* Exercise *
Give back every record below in full and exactly, but without a single image.

* Extracted records *

____

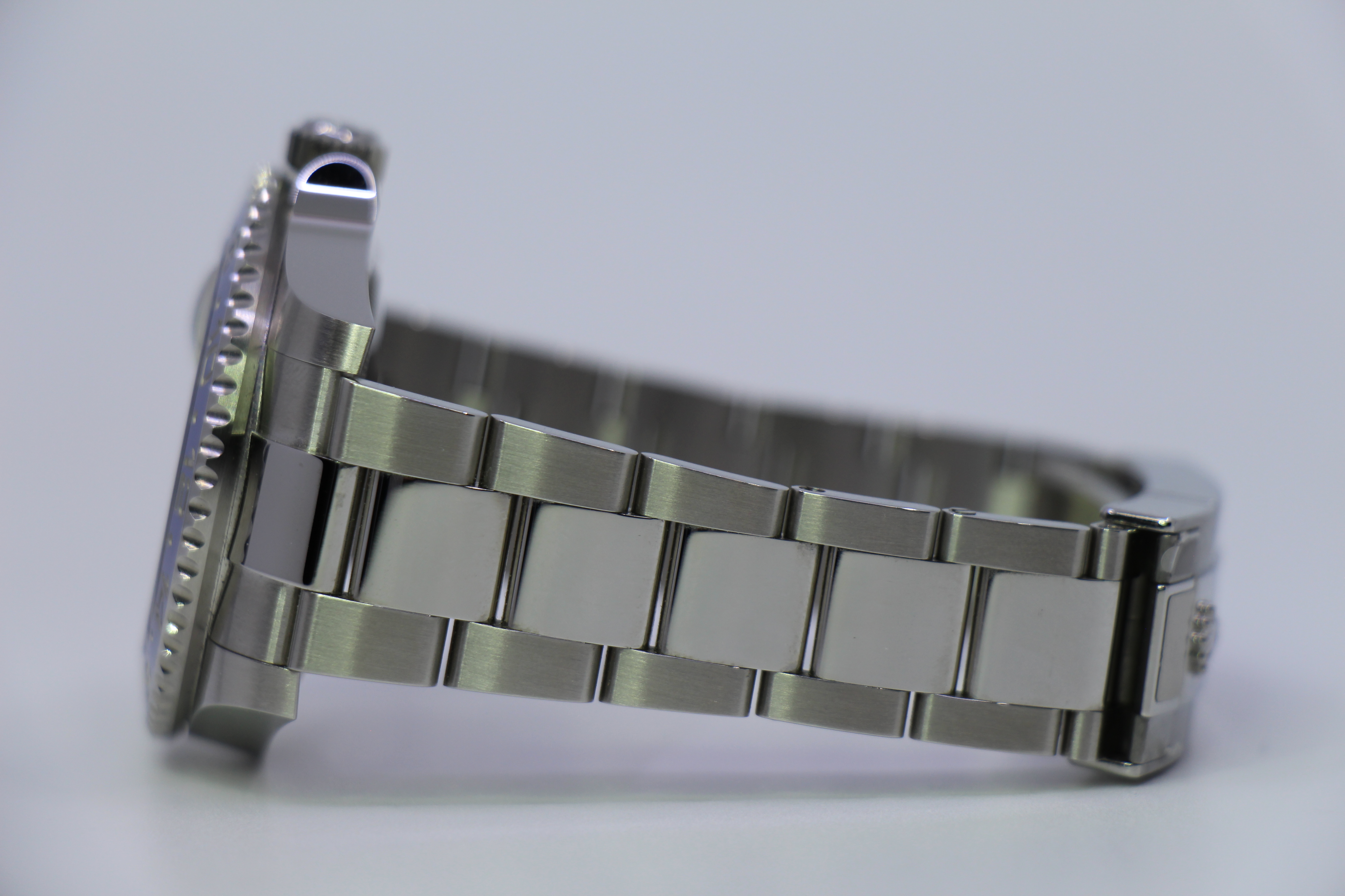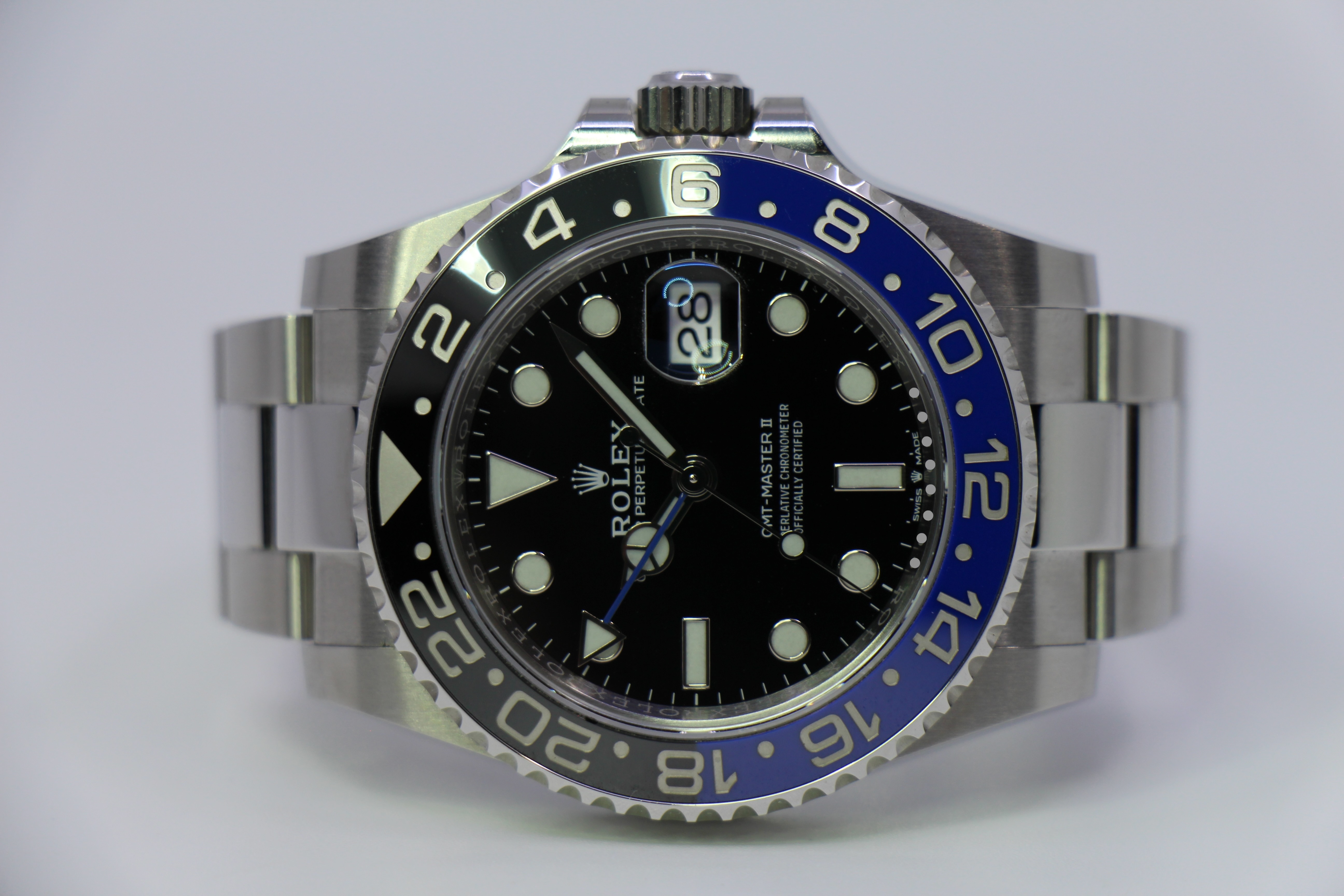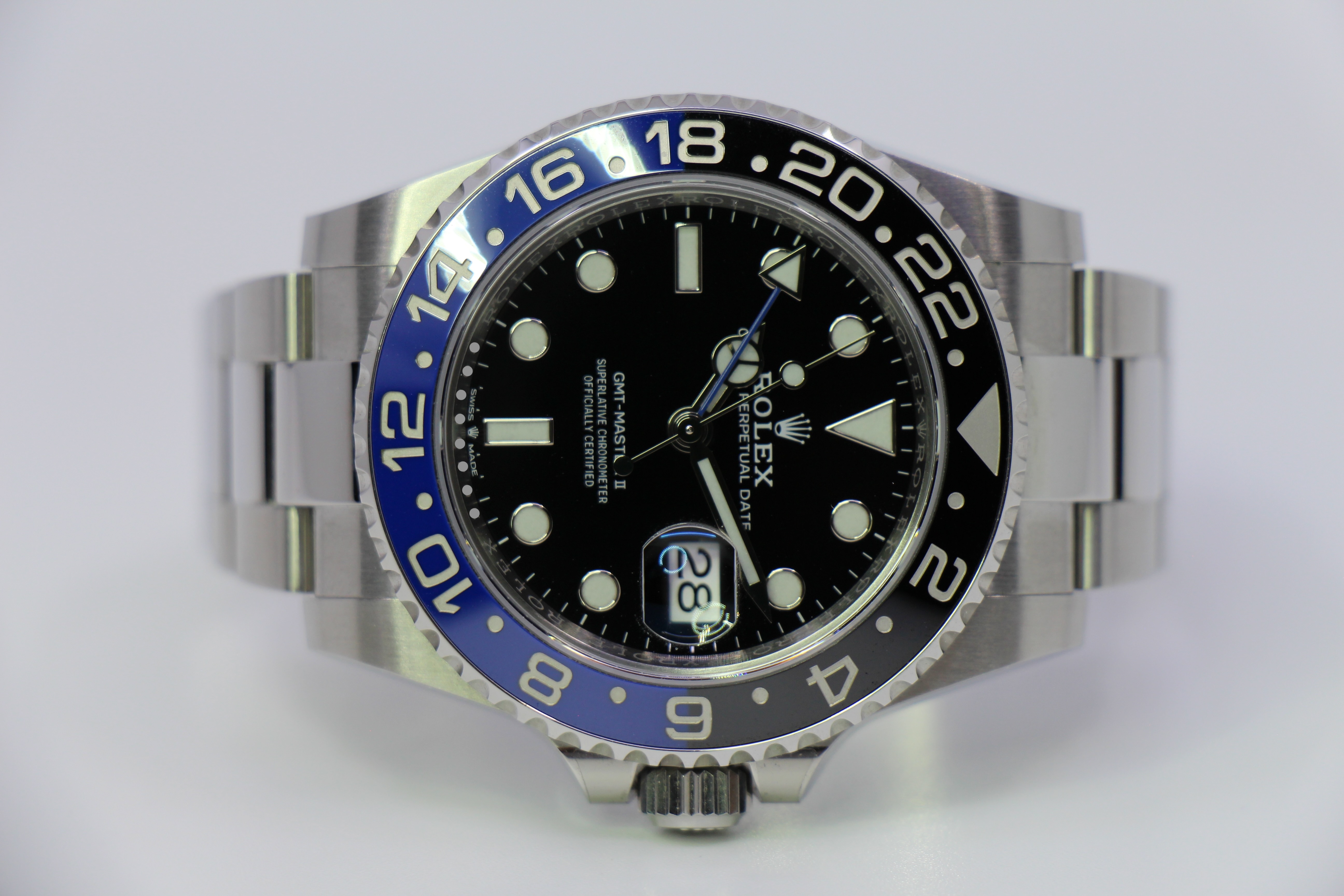 Den nyeste version af GMT – Master II “Batman”. 126710BLNR på oyster lænke udkom på Baseworld i 2021. Uret er monteret på oyster lænke med keramisk insert i blå og sort.
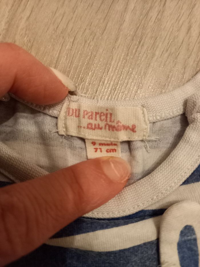 Je vend un ensemble de la marque "du pareil au même" en taille 9 mois en bon état.
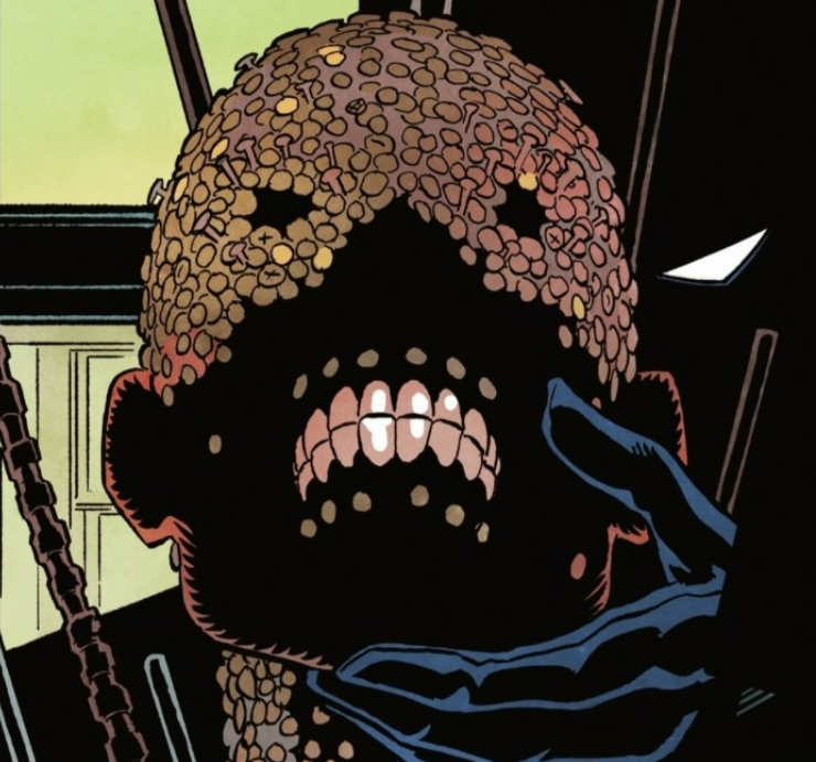 Batman: Dark Patterns #2 came out last week. The issue reveals more about the Wound Man- who appears to have captured hearts and turned stomachs of those who're reading the book, which is everything we hoped for as a creative team, really. The rallying cry on the book's email chain quickly became "no lips, all teeth," referring to a design note Hayden sent through on a design sheet of the character.
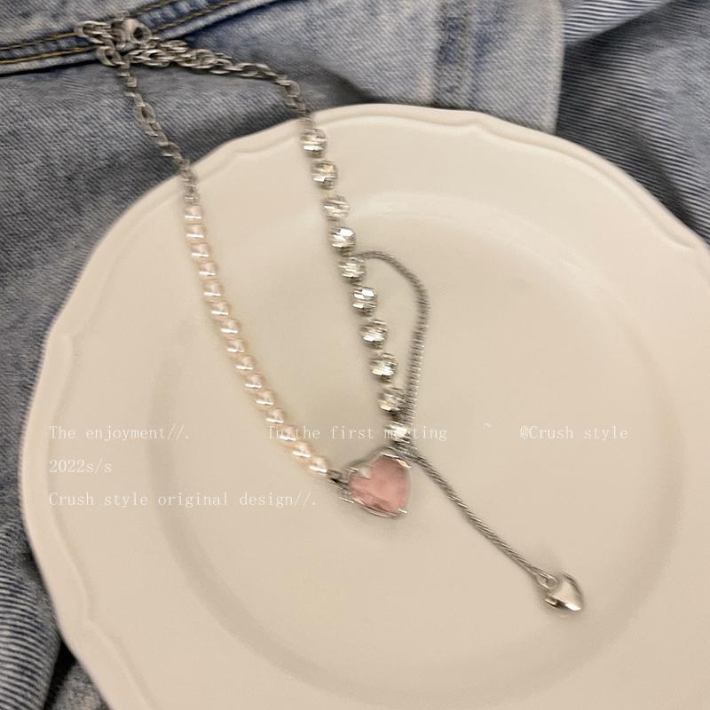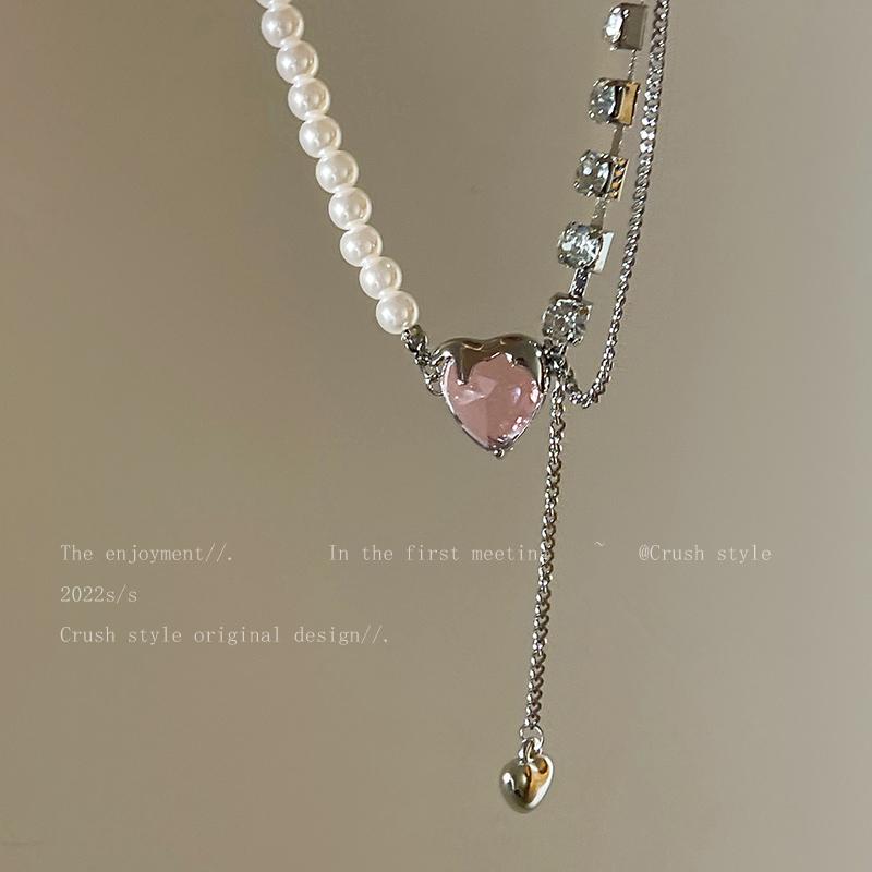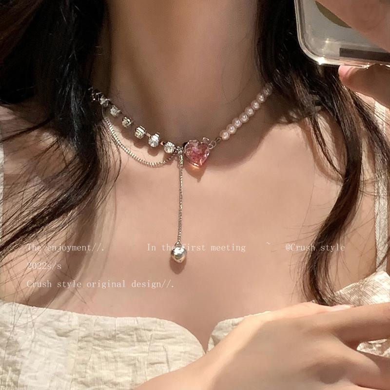 Collar con borlas de circonita y perla de amor para mujer, cadena de clavícula de lujo ligera de verano, accesorios geniales y populares para celebridades de Internet.
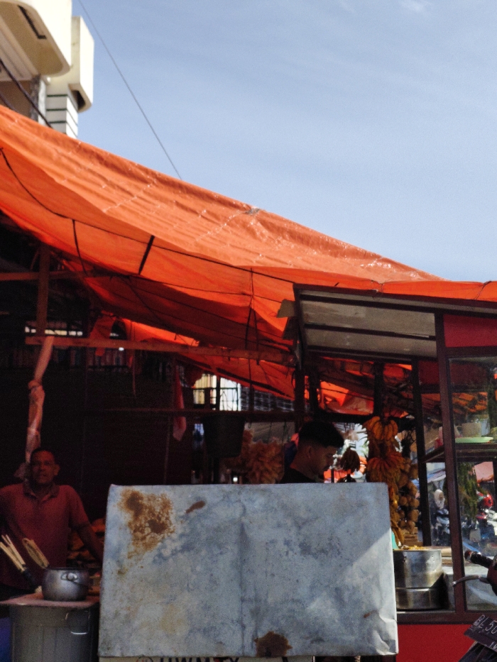 This image depicts an outdoor market or street food stall in Wilayah Administrasi Gp
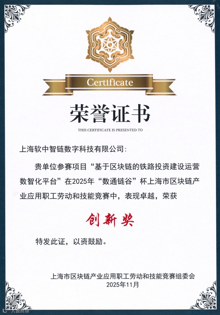 18日,软中智链参赛项目“基于区块链的铁路投资建设运营数智化平台”在2025年“数通链谷”杯上海市区块链产业应用职工劳动和技能竞赛中,表现卓越,荣获创新奖。
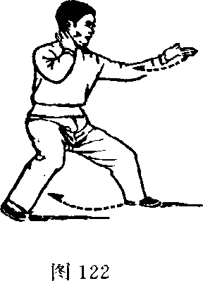 动作二:身体左转,重心移于右腿。同时,右手转臂逆 缠至右手旁,掌心斜朝里;左手小顺缠向右合,掌心朝上。 (图122)以右脚跟为轴,身体继续左转,重心全部移于右腿,
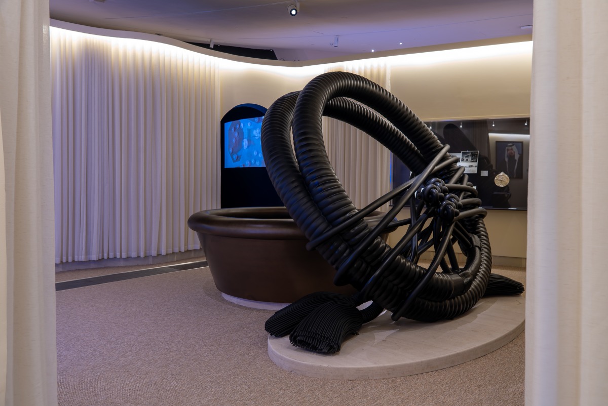 The site-responsive installation by Qatari artist Shouq Al Mana, reimagine the original Earth Dome as a tribute to technological innovation and national identity. The work recalls the 1975 display that paired a Quranic verse with a visualisation of Earth’s formation, narrating Qatar’s transformation from an island to a Gulf nation. The reinterpreted Earth Dome includes a slightly parted egal, a subtle homage to H.H. Sheikh Khalifa bin Hamad Al Thani’s distinctive way of wearing it—a gesture that became an enduring symbol of Qatari heritage. While Khalifa Al Thani’s installations reflect on the nation’s evolving cultural identity.Our Past is the Foundation; Our Future is Built Upon It uses TV installations and AI animation to reanimate the Old Palace’s architecture and history.

____

* Answer section *
 Den nyeste version af GMT – Master II “Batman”. 126710BLNR på oyster lænke udkom på Baseworld i 2021. Uret er monteret på oyster lænke med keramisk insert i blå og sort.
 Je vend un ensemble de la marque "du pareil au même" en taille 9 mois en bon état.
 Batman: Dark Patterns #2 came out last week. The issue reveals more about the Wound Man- who appears to have captured hearts and turned stomachs of those who're reading the book, which is everything we hoped for as a creative team, really. The rallying cry on the book's email chain quickly became "no lips, all teeth," referring to a design note Hayden sent through on a design sheet of the character.
 Collar con borlas de circonita y perla de amor para mujer, cadena de clavícula de lujo ligera de verano, accesorios geniales y populares para celebridades de Internet.
 This image depicts an outdoor market or street food stall in Wilayah Administrasi Gp
 18日,软中智链参赛项目“基于区块链的铁路投资建设运营数智化平台”在2025年“数通链谷”杯上海市区块链产业应用职工劳动和技能竞赛中,表现卓越,荣获创新奖。
 动作二:身体左转,重心移于右腿。同时,右手转臂逆 缠至右手旁,掌心斜朝里;左手小顺缠向右合,掌心朝上。 (图122)以右脚跟为轴,身体继续左转,重心全部移于右腿,
 The site-responsive installation by Qatari artist Shouq Al Mana, reimagine the original Earth Dome as a tribute to technological innovation and national identity. The work recalls the 1975 display that paired a Quranic verse with a visualisation of Earth’s formation, narrating Qatar’s transformation from an island to a Gulf nation. The reinterpreted Earth Dome includes a slightly parted egal, a subtle homage to H.H. Sheikh Khalifa bin Hamad Al Thani’s distinctive way of wearing it—a gesture that became an enduring symbol of Qatari heritage. While Khalifa Al Thani’s installations reflect on the nation’s evolving cultural identity.Our Past is the Foundation; Our Future is Built Upon It uses TV installations and AI animation to reanimate the Old Palace’s architecture and history.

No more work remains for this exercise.